Unlike some of the 2,000 student protesters who walked out of class Wednesday morning to demonstrate in suburban Contra Costa County, 18-year-old George Chinchilla knew exactly why he came.

Wearing a black cap and the white armband of a student leader, he came to protest what he called the racism of Propositions 187, 209 and 227.

"We're having a walkout for student rights," said Chinchilla, who meandered alone through the crowd that swelled with each incoming BART train from Daly City, Pittsburg, Richmond and Oakland. "We're trying to get our education, but these things are coming up and trying to bring us down."

Chinchilla isn't a lone voice. He is among many Californians who see Prop. 227 as the latest mutation of a nativist, racially tinged trend in the state. Three ballot initiatives in the last four years have -- intentionally or not -- exposed raw nerves related to race, ethnicity and national origin.

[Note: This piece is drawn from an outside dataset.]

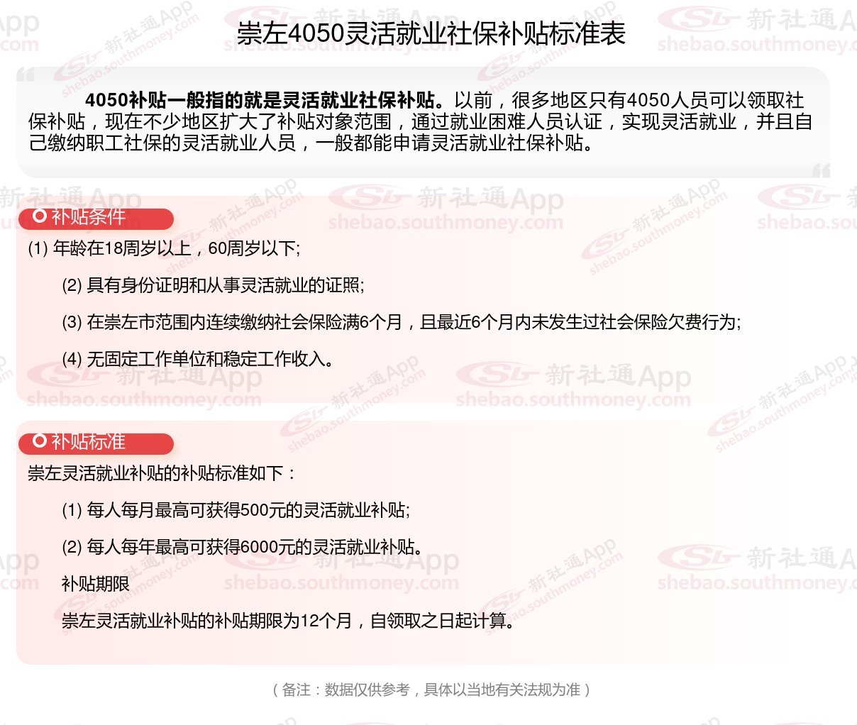 一、2025年崇左4050社保补贴标准是怎么样的?崇左4050一年可拿多少钱?
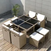 Onze stijlvolle rattan tuinmeubelset wordt het middelpunt van je tuin of terras! Deze eethoek heeft een elegant ontwerp en is een geweldige keuze voor al fresco dineren en ontspannen in de tuin.…

Prop. 187, which voters passed in 1994, tried to bar welfare, health care and public schooling to undocumented immigrants before most of it was struck down by the courts. Prop. 209, in 1996, scrapped public affirmative action programs for women and people of color. Prop. 227, which goes before voters June 2, seeks to end bilingual education in the public schools in favor of English-based programs.

"I think Latino voters and families are feeling threatened and they're feeling undue attention on them," said Guillermo Rodriguez, executive director of the statewide Latino Issues Forum. "Somehow they are being questioned on how American they are. Unfortunately, Proposition 227 fans the flames of 187 and Governor (Pete) Wilson's 209 debate."

Some Hispanics and others see the initiative as an effort to quash Spanish and other native languages and in essence, to denigrate immigrant cultures in California. To some, that's racist.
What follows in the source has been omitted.